Victoria Leonard  is a British Classicist specialising in the study of religion, gender, and the body in Late antiquity. She is a Post-Doctoral researcher at Royal Holloway, University of London and a research fellow at the Institute of Classical Studies.
She holds a PhD from Cardiff University. Leonard was elected as a Fellow of the Royal Historical Society in July 2019.

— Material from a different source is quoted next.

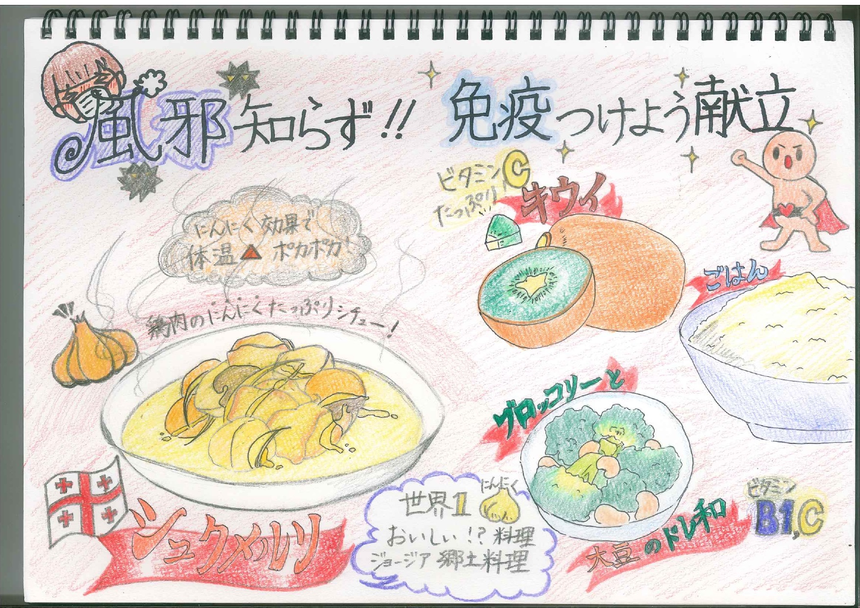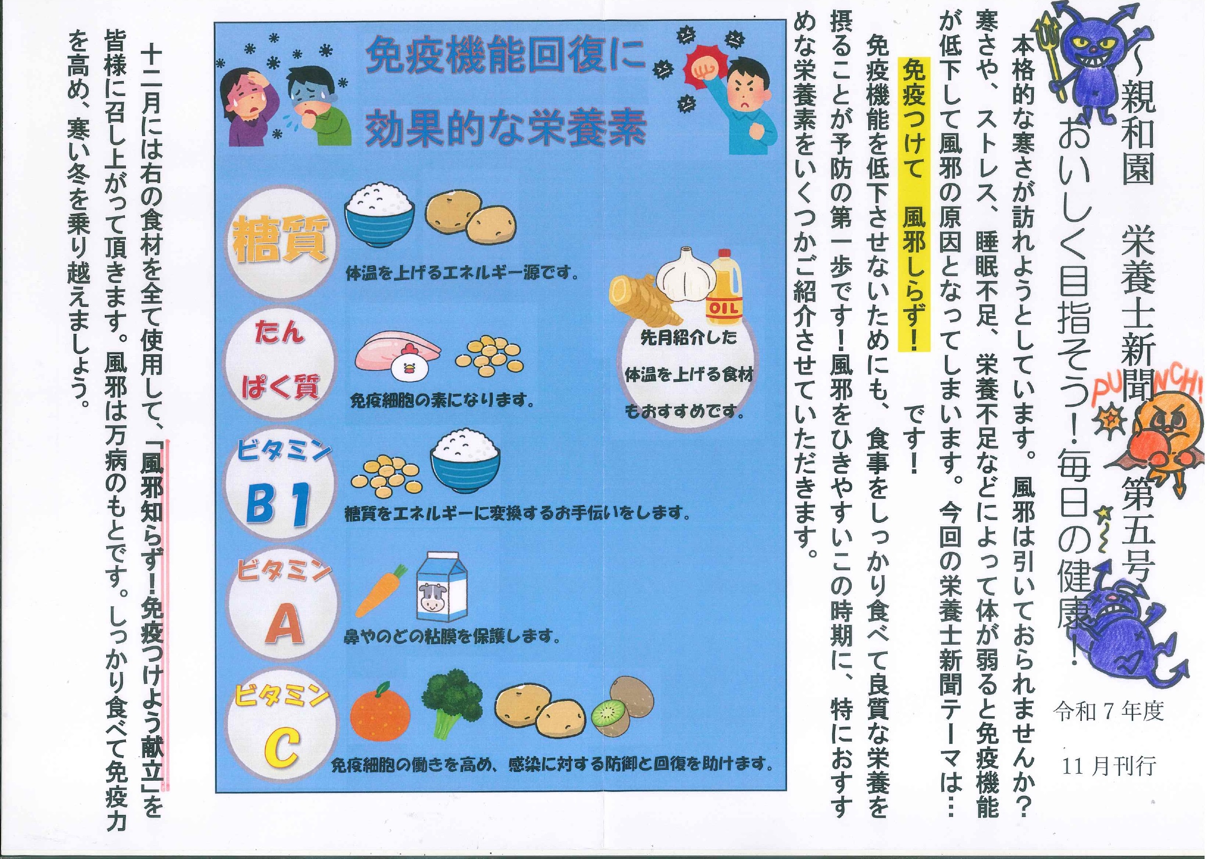 栄養士新聞 12月号を発行しました 2025年 12月 2日 Tue 管理者 12月2日 今月の栄養士新聞では、寒い季節に負けない”免疫力アップ”をテーマに、風邪予防に効果的な栄養素や食材をわかりやすく紹介しています。 糖質・たんぱく質・ビタミンB1・ビタミンA・ビタミンCなど、免疫機能の維持に欠かせない栄養素の働きに加え、日常の食事に取り入れやすい食材や献立例も掲載しています。 今月のおすすめメニューは、身体がぽかぽか温まる「シュクメルリ(鶏肉のにんにくクリーム煮)」をはじめ、ビタミン豊富なブロッコリーの和え物や旬の果物を使った一品など、見た目も楽しく栄養満点の内容となっています。寒さが本格化する季節です。しっかりと食事をとり、免疫力を高めて元気に過ごしていきましょう。 栄養士新聞

She is a founding member and current steering committee member of the Women's Classical Committee UK, a group who aim to support women in Classics, promote feminist and gender-informed perspectives in Classics, raise the profile of the study of women in antiquity and Classical reception, and advance equality and diversity in Classics.

Select bibliography

Leonard, V. 2011. "Nefarious Acts and Sacrilegious Sacrifices: Live Burial in the Historia adversus paganos", in Alberto, J. Quiroga Puertas (ed) Hierà kaì lógoi. Estudios de literatura y de religión en la Antigüedad Tardía. 395–411.
Leonard, V. June 2016. "How we doubled the representation of female classical scholars on Wikipedia", Times Higher Education.
Leonard, V. 2017. "The Origin of Zealous Intolerance: Paulus Orosius and Violent Religious Conflict in the Early Fifth Century", Vigiliae Christianae 71(3), 261–284.
Leonard, V. December 2018. "Female scholars are marginalised on Wikipedia because it's written by men", The Guardian
Leonard, V. 2019. "Galla Placidia as ‘Human Gold’: Consent and Autonomy in the Sack of Rome, CE 410", Gender and History 31(2), 334–352. 
Leonard, V. and Bond, S. 2019. "Advancing Feminism Online: Online Tools, Visibility, and Women in Classics", Studies in Late Antiquity 3(1), 4–16. 
 Leonard, V. and J. Wood. 2020. "History-writing and Education in Late Antique and Early Medieval Iberia",  in Heydemann, G., and Reimitz, H. (eds) Historiography and Identity II: Post-Roman Multiplicity and New Political Identities. Belgium: Brepols, pp. 237–67 
 Leonard, V. 2020. "The Ideal (Bleeding?) Female: Hypatia of Alexandria and Distorting Patriarchal Narratives", in LaValle Norman, D., and Petkas, A. (eds) Hypatia of Alexandria: Her Context and Legacy. Mohr Siebeck. 171–192. 
Bradley, M., Leonard, V., and Totelin, L. (eds) 2021. Bodily Fluids in Antiquity. Routledge.
Leonard, V. 2022. In Defiance of History: Orosius and the Unimproved Past. Routledge.

References

Fellows of the Royal Historical Society
Women classical scholars
Living people
Year of birth missing (living people)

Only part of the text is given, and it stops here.